Again, this is a comprehensive amendment from Senator Boyhan.A number of these individual issues, as the Minister will be aware, will be coming through in individual reports, which we are individually looking for. I have similar composite amendments. I will be looking further in my amendments at reports on the operation of the scheme. However, the fact one is seeing these themes coming through from Senator Boyhan, myself and many other Members of the House is that these are the gaps. They are the gaps with regard to knowledge, and who the scheme is serving, and I urge the Minister to consider favourably this request for a report from Senator Boyhan.

I will speak to amendment No. 15, which is an amendment from myself and my colleagues in the Civil Engagement Group calling for a full and comprehensive review of the operation of the scheme. It is a far more substantive review than the review proposed under section 49 of the Bill, which has a very limited scope. The review of the scheme currently proposed is largely a mathematical exercise. It asks for a review mainly of the extent to which people availed of various aspects of the scheme. It asks how many people required or received payments. It does not allow for any substantive qualitative review of how the scheme was devised, how it operated with respect to those included or excluded, and whether those exclusions were justified or not justified. It does not look to the question of the injustices which may have arisen, and which we are strongly signalling to the Minister may arise as a result of the operation of the scheme as it is currently designed.
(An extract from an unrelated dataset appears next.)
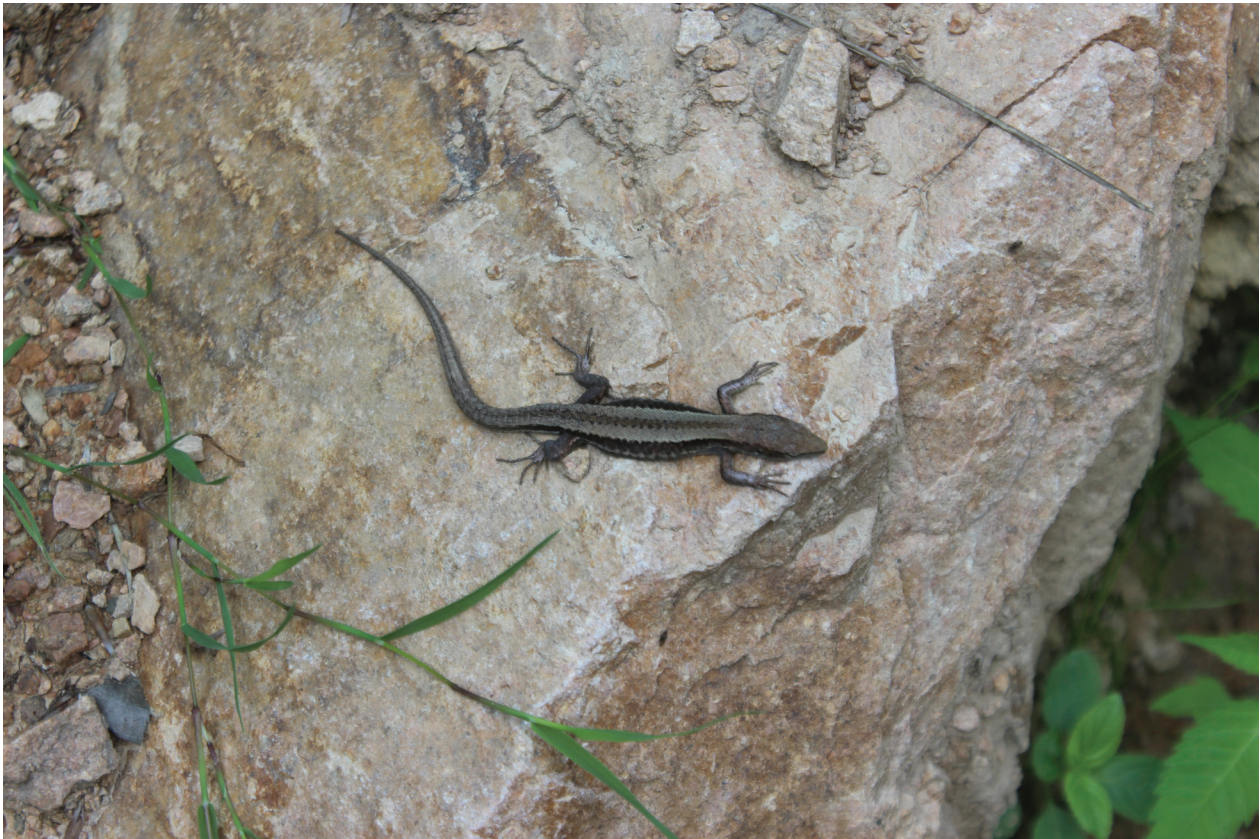
Figure 1. Representative picture of Darevskia praticola from Săvârșin N-E, Romania.

of the river from the previously known localities (Gaceu and Josan 2013). Totally we investigated 16 localities on both sides of the Mureș River. The lizards were directly observed, and the individuals were not disturbed. We walked transects of different lengths through habitats considered characteristic for this species, namely broad-leaved forests with wet areas (e.g., Fuhn and Vancea 1961; Covaciu-Marcov et al. 2009; Gherghel et al. 2011; Gaceu and Josan 2013) as well as through less typical habitats. We spent approximately half an hour in each location, depending on the habitats. Observations were documented with photographs of individuals (when possible) and surrounding habitats. We recorded coordinates and altitudes for all observations.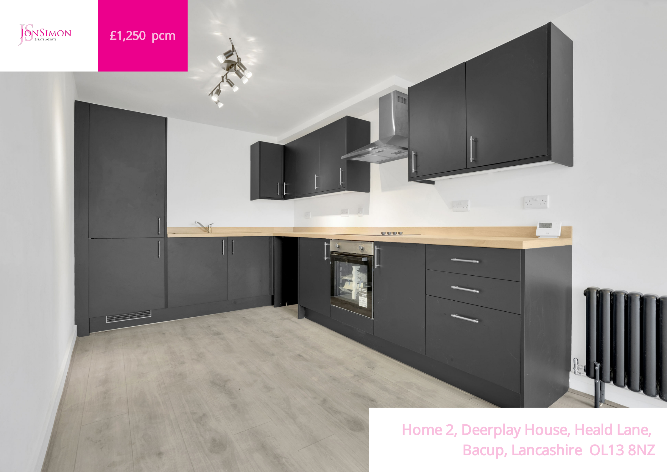
Home 2, Deerplay House, Heald Lane, Bacup, Lancashire OL13 8NZ

Amendment No. 15 would insert a different kind of review provision, one which calls for a review of all of the key gaps, exclusions, shortcomings, choices made and not made in respect of the Bill, which have been highlighted by survivors since the beginning of this process, and in all of the reports and consultations with survivors. It calls for a review of the exclusionary minimum residency requirements for both general and work-related payments. It asks the Minister to consider whether there may be scope for people to get additional payments in recognition of the impact of forced family separation, which again was signalled by survivors to be one of the great traumas and impacts which the institutions have had on their lives. It talks about additional recognition regarding the medical trials and involuntary participation in vaccination trials. It talks about additional recognition and scope for racial discrimination, which many experienced in these institutions as a layered form of discrimination. It asks the Minister to look at the potential for religious orders and pharmaceutical companies involved in the operation of these homes and the medical trials to be required or forced to contribute to the scheme.
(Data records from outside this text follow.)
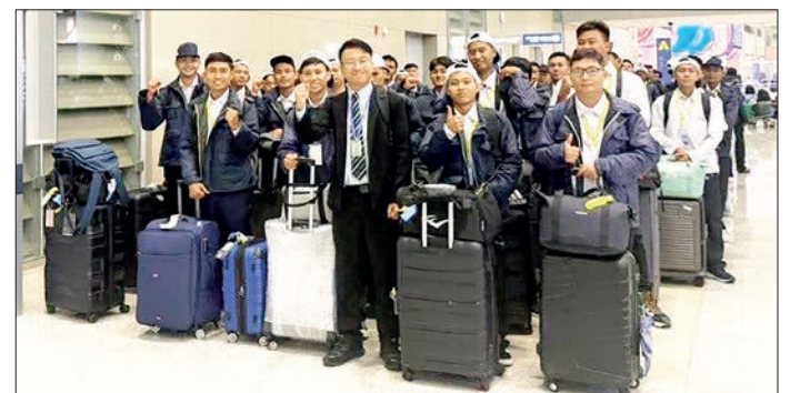
New Myanmar EPS workers are seen arriving at the Incheon International Airport on 12 May.

He also spoke with officials from the Human Resources Development Service of Korea about work that requires coordination and urged them not to hesitate to contact the embassy if there is an issue, said the embassy. — MT/ZS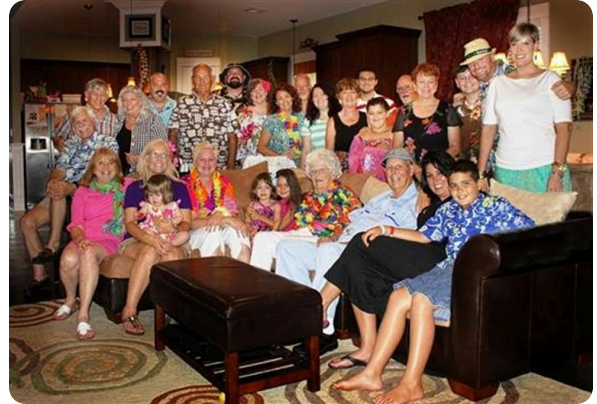
Granny's 90th birthday with the family.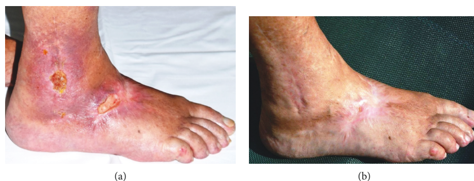
FIGURE 3: Example of successful wound healing after treatment with cold atmospheric pressure plasma (CAP): (a) chronic ulceration before CAP treatment and (b) complete healing for the first time since 14 years after CAP treatment for about 5 months.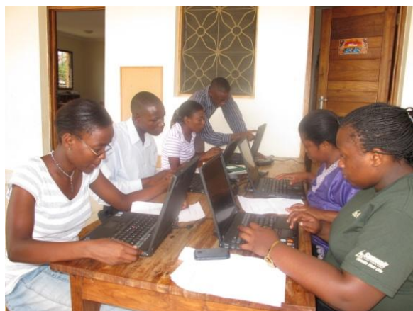
At Tuwapende Watoto we also provide education for the staff: IT training with Kaka Ema.

This review would be far more substantive than the one currently proposed by the Bill, and would demand a serious examination of the fairness of the scheme, whether it has achieved its primary goal, which is redress for those who have suffered in these institutions, and whether it has gaps. Later I will look to the fact that even in the quantitative piece, we need to look to those who apply to the scheme and who are not successful under it, and look to the issues around that.
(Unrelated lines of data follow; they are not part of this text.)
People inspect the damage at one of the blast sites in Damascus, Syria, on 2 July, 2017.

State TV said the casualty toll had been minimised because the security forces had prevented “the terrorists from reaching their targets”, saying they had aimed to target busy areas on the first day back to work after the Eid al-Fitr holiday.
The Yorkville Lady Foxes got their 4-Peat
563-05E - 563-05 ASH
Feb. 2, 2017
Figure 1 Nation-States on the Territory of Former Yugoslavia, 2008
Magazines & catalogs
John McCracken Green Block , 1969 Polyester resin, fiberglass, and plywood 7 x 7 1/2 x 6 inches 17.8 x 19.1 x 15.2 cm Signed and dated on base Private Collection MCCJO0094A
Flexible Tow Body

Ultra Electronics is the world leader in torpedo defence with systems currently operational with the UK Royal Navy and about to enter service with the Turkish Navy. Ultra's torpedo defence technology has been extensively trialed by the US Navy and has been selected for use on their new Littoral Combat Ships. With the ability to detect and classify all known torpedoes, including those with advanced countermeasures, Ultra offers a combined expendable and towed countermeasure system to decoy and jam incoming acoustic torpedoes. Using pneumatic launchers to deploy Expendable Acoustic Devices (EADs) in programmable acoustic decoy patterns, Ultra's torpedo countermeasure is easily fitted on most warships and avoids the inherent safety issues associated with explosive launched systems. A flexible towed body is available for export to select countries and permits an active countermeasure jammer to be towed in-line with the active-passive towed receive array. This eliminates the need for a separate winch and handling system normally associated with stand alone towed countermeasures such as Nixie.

Our amendment would look to the question of the time and duration of the scheme, which is crucial in the context of ensuring that all those who are entitled have the opportunity to avail of it, and the question of the adequacy of the payment levels. One of the issues I wanted to highlight relates to the boarded-out and nursed-out persons within the scheme, and the question of adequacy around the medical supports. Again, the Minister will be aware that I have highlighted before that anyone who had to give birth within these institutions deserves the enhanced medical card.These are questions we have. It would be wonderful if the Bill actually solved them and if it closed all the gaps that have been collectively identified across this House. However, at the very minimum, we need a review or a report which allows for the future closing of those gaps because, sadly, this Bill, if it passes in its current format, will leave us with unfinished business.